Entries taken from a collection:
####

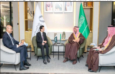
RIYADH: Federal Minister for Petroleum Affairs Pervais Malik held a meeting with H.E. Bandar Ibrahim Al-Khorayef, Saudi Minister of Industry and Mineral Resources on the sidelines of Future Minerals Forum.
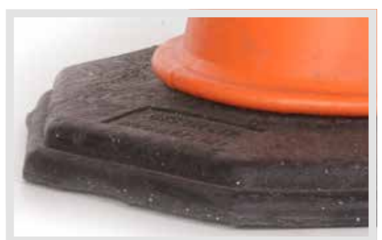
Recycled Rubber Base
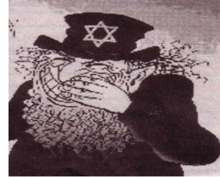
[ Al-Ayyam , April 5, 2003]

This dehumanization of Jews plays a role in preparing PA society to be willing to kill Jews (see Stage 3 below.) Animals are clearly inferior to humans, and in many societies have no rights, are used for experiments and routinely hunted.
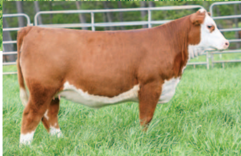
DCF J59 AMBER 110M ET Daughter of Lot 2
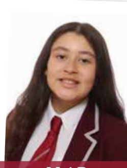
Nai B Outstanding Tutee
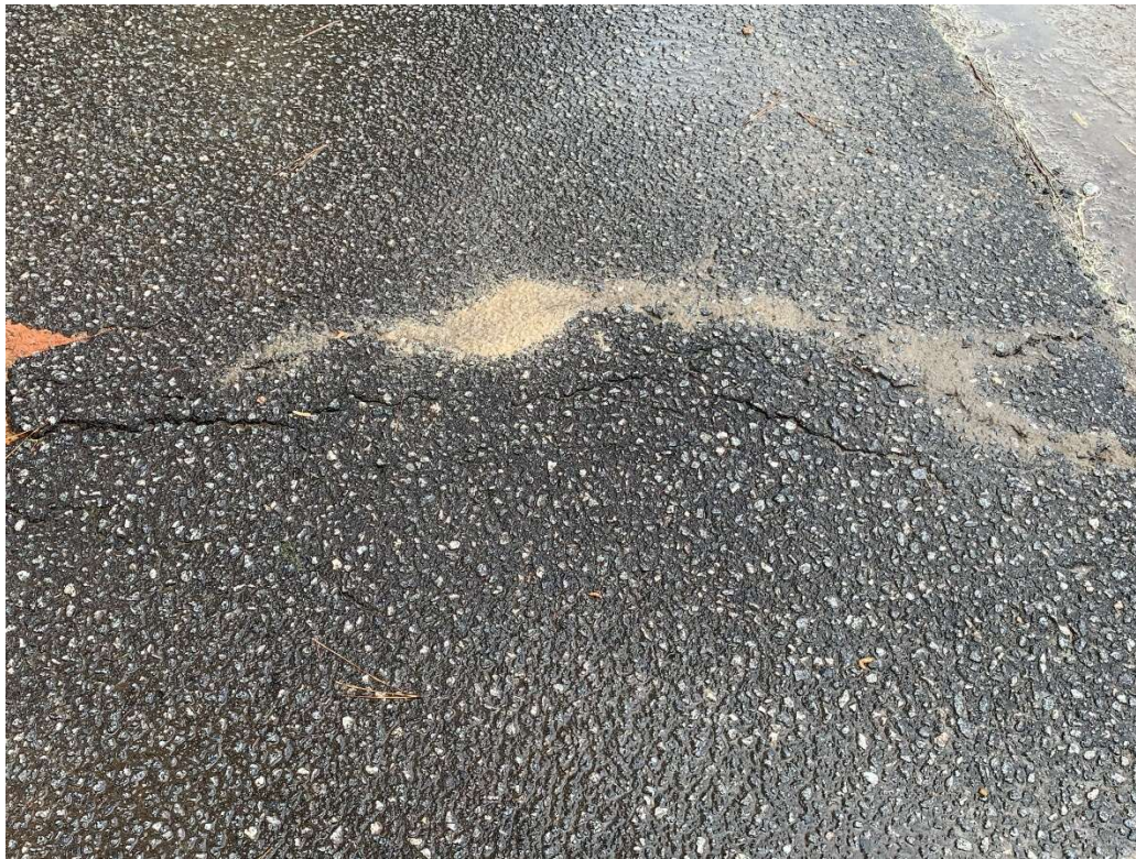
Oxbow cart path – root damage
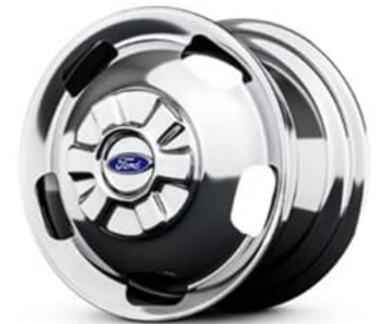
Aluminum Alloy Wheels Standard
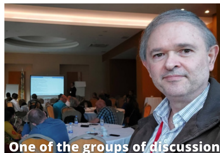
One of the groups of discussion
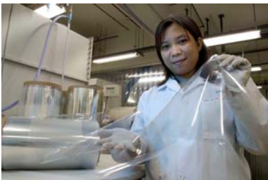
Flexible barrier substrates enable greater cost savings in manufacturing such as in allowing roll-to-roll processing.

Current barriers have a series of alternating polymer and metal oxide layers that make up the plastic. This staggers adjacent ‘pinholes’, natural defects in the layers, thus slowing the passage of moisture and air through the ‘pinholes’.
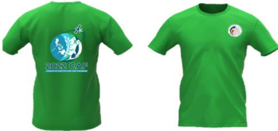
T-shirt, at least 80% cotton, green, various sizes w/ CAF Logo and print "2022 Census of Agriculture and Fisheries", type of print: heat press printing
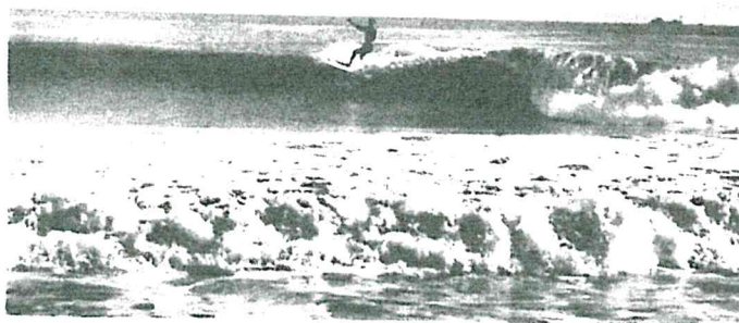
Richard Roche cuts back into a clean green wall at EL CAPITAN point.

CAT CANYON (EDWARDS RANCH) —Right-slide point takes west swell. Rocks protrude above water level in middle of break when surf is 3 feet; at this size short slow rides are available inside. Larger surf may be faster and rides quite long. Point is located 2 miles east of El Capitan in front of private land marked with anti-trespassing signs.
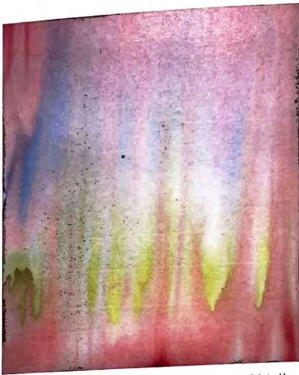
Stephen Truax I never knew a man could tell so many lies (detail), 2012

ing, and sum up to create an “obstruction” within the space of the gallery. It is as if what was once a demure object on a pedestal blocking a path towards a painting is now a linebacker holding ground for sculpture.
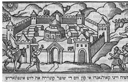
2 / Venice Haggadah, Italy, 1609 Jerusalem in an end-of-days vision according to the book of Isaiah. The Messiah rides on a donkey and the prophet Elijah holds a Shofar and announces the Messiah's arrival. They are surrounded by people who have made a long journey.
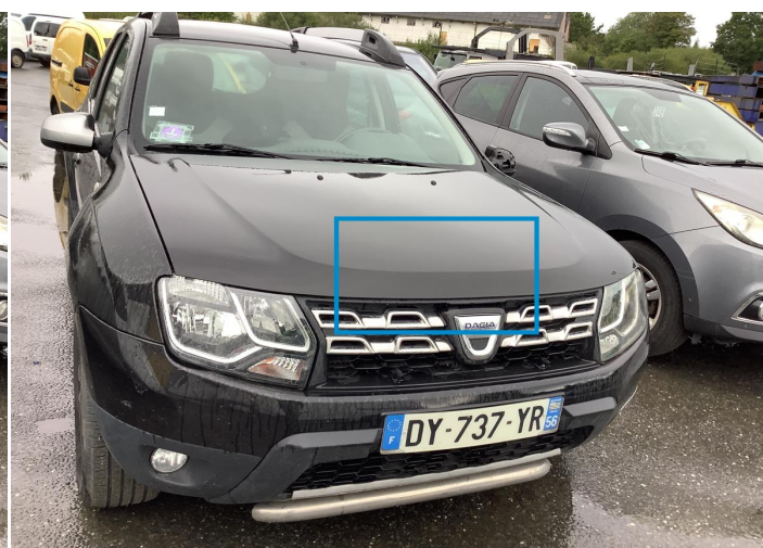
12. Hood Paint / Stone Chip -
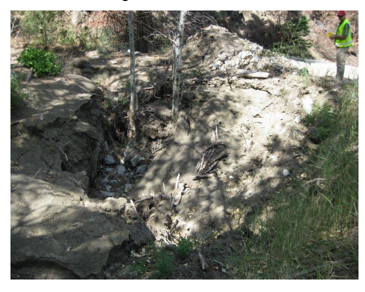
Culvert under Wolf Creek Road which was buried by the debris flow and subsequently caused flooding and erosion of the road bank and road shoulders

Caltrans has completed treatment along State Routes 4 and 89 that included removing debris, clearing culverts, and reestablishing road-side swales.
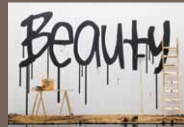
Eckart Hahn chrome optics gold
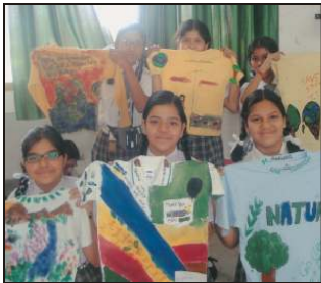
Our little nature lovers paint their T-shirts to exhibit their love and concern for the environment.

Our school celebrated the Earth Week to enlighten the students of our school about the various environmental issues prevalent these days. Various activities took place during this week for classes VI-X. This not only brought to the surface the creative skills of the children but also made them learn and know about the various problems faced by our environment.
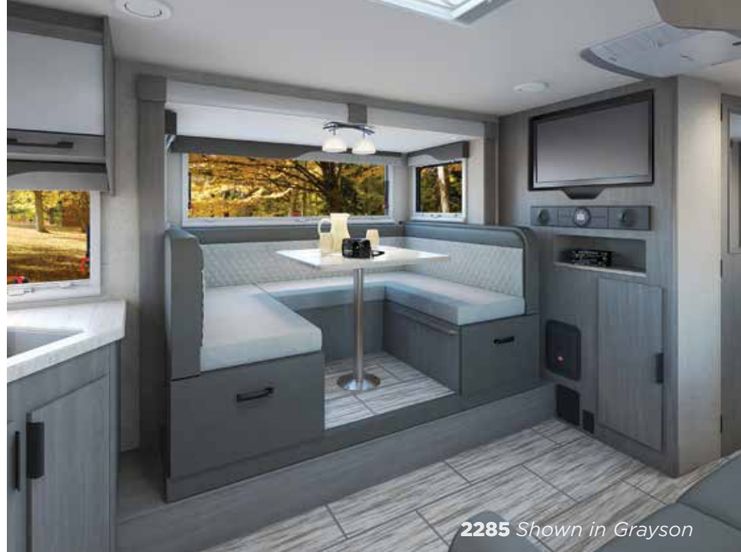
2285 Shown in Grayson
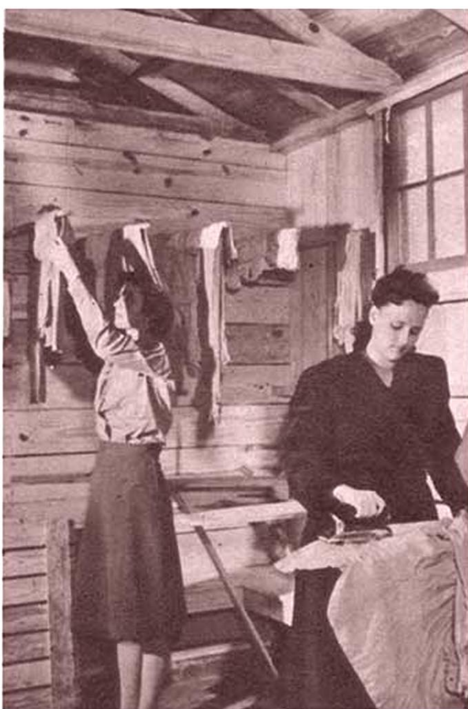
LAUNDRIES ARE JAMMED on Saturdays since most of the girls try to cut expenses and do their own washing and ironing when off duty. The fatigue overalls and velvet housecoat worn here are G. I.
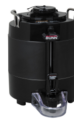
TF SERVER, 1G/3.8L MECH BLK NOBASE
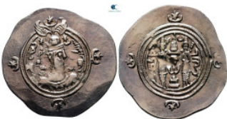
501 Sasanian Kingdom. Khusro II AD 591-628. Drachm AR 31 mm, 4,08 g very fine 10
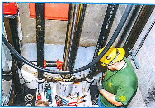
Pictured above, an Otis Elevator technician works on the hydraulic cylinder in the elevator shaft at 408 Adams Apartments.
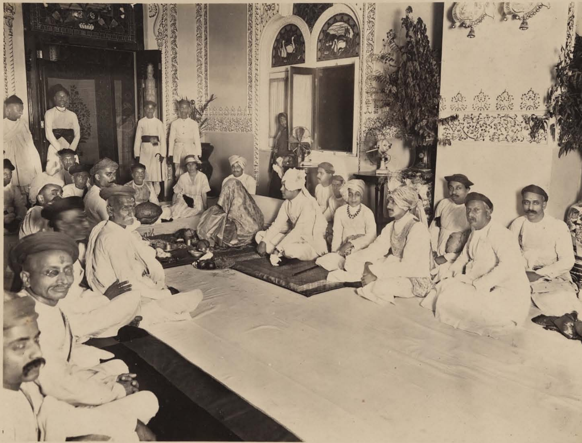
SAKARPUDA (AT NIGHT)
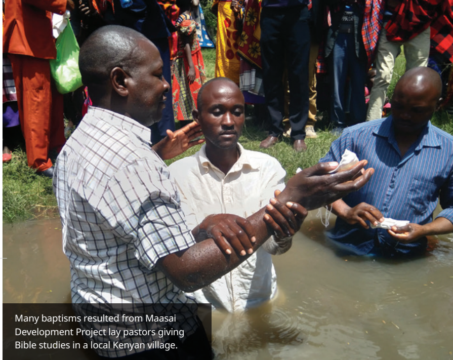
Many baptisms resulted from Maasai Development Project lay pastors giving Bible studies in a local Kenyan village.

####

Problem requirements →
Every line above that holds the word "path" should be copied out.

Result of this task →
Oxbow cart path – root damage
ing, and sum up to create an “obstruction” within the space of the gallery. It is as if what was once a demure object on a pedestal blocking a path towards a painting is now a linebacker holding ground for sculpture.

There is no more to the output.